Companies without land sector emissions. NBS for climate are not always a first-choice solution. In particular, corporate funding for NBS should not be used to avoid or delay action to reduce emissions from fossil fuels within a company’s operations or supply chain. So a company without land-based emissions in its supply chain cannot use NBS to meet near-term SBTi targets. Once a company’s SBTi abatement target requirements have been met, it may explore investment in NBS toward future nature targets (e.g., through the Science Based Targets Network) or toward mitigation goals that go beyond Science-Based Targets, as outlined in World Wildlife Fund and Boston Consulting Group’s Blueprint for Corporate Action on Climate and Nature.

New Opportunities for NBS in Science-Based Targets

New land sector guidance for FLAG emissions. WWF, a founding member of SBTi, is developing specific agriculture, forestry, and other land-use (AFOLU)3 mitigation pathways for companies with land sector emissions in their supply chains. These new pathways will not only include emissions reductions but also removals within the land sector. The guidance will detail overall AFOLU sector mitigation pathways as well as 10 specific mitigation pathways for major commodities: beef, chicken, dairy, maize, palm oil, pork, rice, soy, wheat, and roundwood. In parallel and in coordination, the Greenhouse Gas (GHG) Protocol is developing new guidance for corporate land-use and removals accounting. Novel comprehensive guidance on accounting and target setting for land-based emissions means that companies have an opportunity, and a requirement, to bring NBS—both emissions reductions and removals—into their mitigation targets.

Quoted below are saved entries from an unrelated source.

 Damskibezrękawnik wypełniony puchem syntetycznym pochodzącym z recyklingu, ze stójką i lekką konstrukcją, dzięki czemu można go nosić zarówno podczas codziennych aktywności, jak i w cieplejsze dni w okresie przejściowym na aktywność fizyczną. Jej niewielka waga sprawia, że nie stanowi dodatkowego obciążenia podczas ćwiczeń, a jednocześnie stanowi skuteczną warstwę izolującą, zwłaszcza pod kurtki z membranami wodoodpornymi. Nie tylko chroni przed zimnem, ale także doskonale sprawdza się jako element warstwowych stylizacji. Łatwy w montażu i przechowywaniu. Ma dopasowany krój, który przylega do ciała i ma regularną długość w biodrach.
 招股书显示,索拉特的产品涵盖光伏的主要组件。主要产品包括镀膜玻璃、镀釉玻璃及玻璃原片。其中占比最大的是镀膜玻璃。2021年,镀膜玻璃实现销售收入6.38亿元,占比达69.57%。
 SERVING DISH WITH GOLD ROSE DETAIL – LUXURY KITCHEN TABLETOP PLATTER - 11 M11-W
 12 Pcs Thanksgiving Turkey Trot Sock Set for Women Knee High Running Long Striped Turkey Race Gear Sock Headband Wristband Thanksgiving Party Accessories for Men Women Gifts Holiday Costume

New Net Zero Standard. This year the SBTi Net Zero Standard will be published, including criteria for abatement (within supply chain actions); neutralization (removals for limited residual emissions); and compensation (mitigation beyond net zero). The guidance will also detail appropriate NBS opportunities for all companies. Businesses with land sector emissions can deploy NBS directly toward net zero. Companies without land sector emissions must focus first on non-NBS abatement measures to meet their SBTi targets but may adopt NBS on the path to net zero through compensation or neutralization.

With new FLAG and net zero guidance forthcoming, companies (especially those with land sector emissions in their supply chains) will have novel tools to deploy NBS to meet their near-term Science-Based Targets and their net zero targets.4

Table: NBS in Science-Based Targets.5


1 This article refers specifically to NBS for climate mitigation (not including adaptation) and specifically NBS for climate mitigation such as reducing emissions from deforestation and degradation; reducing emissions from agriculture; restoring forests; improving forest management; and enhancing soil carbon. Additional land-related mitigation actions may be relevant for companies (including sustainable diets and reducing food loss and waste) and are incorporated where relevant in SBTi even though they are not included under many definitions of NBS.

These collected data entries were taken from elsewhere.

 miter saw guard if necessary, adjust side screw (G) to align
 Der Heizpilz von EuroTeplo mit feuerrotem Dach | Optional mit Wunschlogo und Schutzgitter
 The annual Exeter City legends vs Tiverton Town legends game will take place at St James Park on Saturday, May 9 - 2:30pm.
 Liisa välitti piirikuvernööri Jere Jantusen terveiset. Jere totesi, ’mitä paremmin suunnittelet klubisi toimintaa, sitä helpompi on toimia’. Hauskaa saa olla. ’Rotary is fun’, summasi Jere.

2 While GHG Protocol guidance for land sector emissions is under development, we recommend the following guidance documents for reference:

3 We use the traditional term AFOLU and the SBTi term FLAG interchangeably here.

4 Land sector emissions are expected to be handled separately from nonland emissions.

5 The guidance is in draft form and still under review, so this categorization represents our best understanding of the state of play with a low-risk approach.